— Степа, не галди! — прикрикнул Деревнин. — Коли Семен Алексеевич врет так я ему про то скажу! А ты — не смей! Да и проверить можно насчет табака…
— Да коли врет?!. — Стенька прямо застонал и, потрясая в возмущении руками, наставил пистоль прямо в небо.
— Пистоль не опускай, сволочь! А ты, Семен Алексеевич, сделай милость, растолкуй — просил ли тебя тот еретик Грек грамоту припрятать, сам ли ты ему предложил, или что иное было? И гляди мне! Я ведь тих-тих, а при такой нужде не к нашим дьякам, а к Башмакову пойду! Мне моя спина твоей особы дороже!
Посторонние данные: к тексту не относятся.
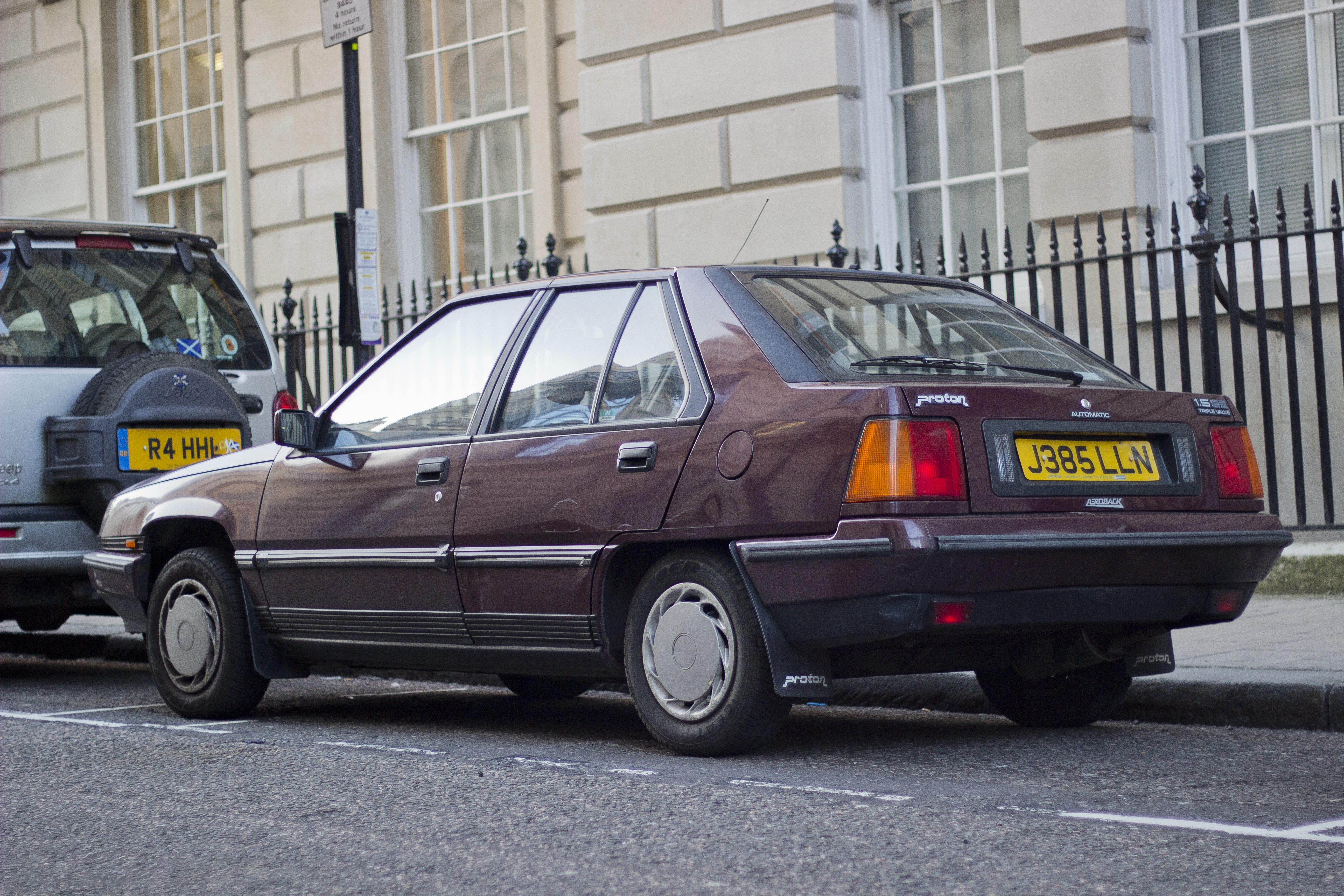 1991 Proton Aeroback SE automatic

— Да мне бы кто растолковал, на что Башмакову та грамота?!. - возопил старый подьячий. — Грек плакался — принес ты ему, говорит, писание на дереве, которому лет двести, а то и поболе, держался ты за то писание, как утопающий за соломину, никакими способами он у тебя те дощечки выпросить не мог! А потом их и вовсе унесли! Оставил бы у Грека глядишь, и уцелели бы! Он всякие древние диковины любит, душу за них сатане продаст!
— Какие тебе еще древние диковины?.. — тут в голове у Деревнина сделалось помутнение. — Коли это древность еретическая, чего же за ней Башмаков конюхов гоняет?!
— А его спроси!
— Сдается и мне, что ты, брат, врешь.
— Врет он, врет! — зашумел, обрадовавшись, Стенька. — Слово и дело государево!
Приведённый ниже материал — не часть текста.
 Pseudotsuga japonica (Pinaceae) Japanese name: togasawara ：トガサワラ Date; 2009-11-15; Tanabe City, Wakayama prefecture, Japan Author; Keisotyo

Перепугавшись до полусмерти, что кто-либо посторонний может у себя на Балчуге услышать этот верноподданический вопль души, оба подьячих, не сговариваясь, кинулись затыкать ярыжке рот. Причем Протасьев не побоялся даже уставленной на него пистоли, а Деревнин не пожалел вышитой рукавицы.
— Как докажешь? — держа в охапке мычащего Стеньку, быстро спросил Деревнин.
— Да хоть меня на одну доску с Греком ставь! Он то же самое скажет! Вот пошли за ним, доставь его к Башмакову — да там и спрашивай! И он тебе ответит, что деревянная книжица еще при татарах писана! Он-то в таких делах толк знает!
— Башмаков тоже в своем деле толк знает!
— Послушай, Гаврила Михайлович, Христа ради, отпусти душу на покаяние! Сплоховал я, не догадался — надо мне было сразу за стрельцами посылать, чтобы того Грека взять под караул!
Протасьев, умоляя, схватил Деревнина за рукав и, придерживаясь, попытался рухнуть на колени с наименьшими затруднениями.
Стенька замычал так выразительно, что Деревнин понял.
— Коли бы с глазу на глаз, так, может, и сговорились бы, — не мешая коленопреклонению, с намеком молвил он. — А помощничек мой, вишь, горяч! Мы-то с тобой пуд соли вместе съели, а он с тобой разве что на Пасху крашеными яйцами сменялся. Уж и не знаю, как быть…
Протасьев смотрел на товарища снизу вверх, и Стенько подивился тому, как жестка его длинная, почти седая борода — торчит, словно из доски выстрогана, хоть чернильницу на нее ставь.
— Да разве мы со Степой не договоримся? — сразу все понял Протасьев. Есть у меня однорядка скарлатного суконца, зять только раза два и надел, а потом пробовал влезть, да в груди поширел, не застегнуть! Вот на Масленицу было бы в чем пощеголять! А то утварью могу, хоть оловянной, хоть медной…
Деревнин вдруг выдернул рукавицу из Стенькиного рта.
— Сковороду проси! — велел. — Большую, медную! И от однорядки не отказывайся! А мне, сироте, и десяти рублей довольно будет, чтобы шуму зря не поднимать.
— Десять рублей?! Да где ж я тебе возьму?!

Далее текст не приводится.